## REQUIRED WORK
Give back the full listing exactly, setting the pictures aside.

## SOURCE DATA
--- --- ---

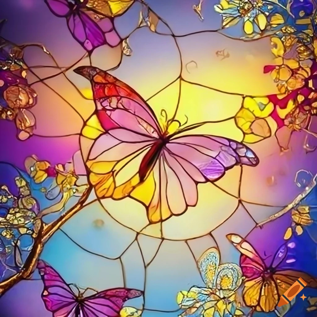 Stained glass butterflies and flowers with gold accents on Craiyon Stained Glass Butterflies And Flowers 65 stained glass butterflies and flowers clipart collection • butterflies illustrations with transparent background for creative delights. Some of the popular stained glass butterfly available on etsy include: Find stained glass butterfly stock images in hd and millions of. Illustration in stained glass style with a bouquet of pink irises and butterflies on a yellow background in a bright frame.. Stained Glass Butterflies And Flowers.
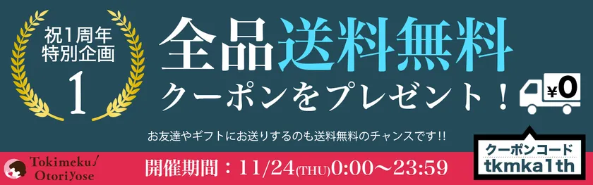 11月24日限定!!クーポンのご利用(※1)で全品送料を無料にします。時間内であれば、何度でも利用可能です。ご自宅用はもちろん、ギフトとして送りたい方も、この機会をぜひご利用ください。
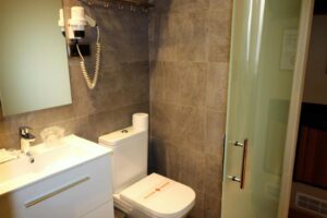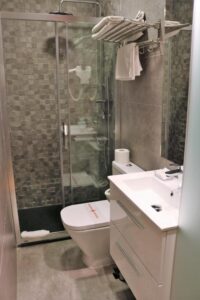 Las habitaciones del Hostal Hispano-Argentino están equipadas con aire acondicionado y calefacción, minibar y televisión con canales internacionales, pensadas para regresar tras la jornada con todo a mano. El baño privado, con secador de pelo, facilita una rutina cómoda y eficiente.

--- --- ---

## ANSWER FOR THIS EXERCISE
 Stained glass butterflies and flowers with gold accents on Craiyon Stained Glass Butterflies And Flowers 65 stained glass butterflies and flowers clipart collection • butterflies illustrations with transparent background for creative delights. Some of the popular stained glass butterfly available on etsy include: Find stained glass butterfly stock images in hd and millions of. Illustration in stained glass style with a bouquet of pink irises and butterflies on a yellow background in a bright frame.. Stained Glass Butterflies And Flowers.
 11月24日限定!!クーポンのご利用(※1)で全品送料を無料にします。時間内であれば、何度でも利用可能です。ご自宅用はもちろん、ギフトとして送りたい方も、この機会をぜひご利用ください。
 Las habitaciones del Hostal Hispano-Argentino están equipadas con aire acondicionado y calefacción, minibar y televisión con canales internacionales, pensadas para regresar tras la jornada con todo a mano. El baño privado, con secador de pelo, facilita una rutina cómoda y eficiente.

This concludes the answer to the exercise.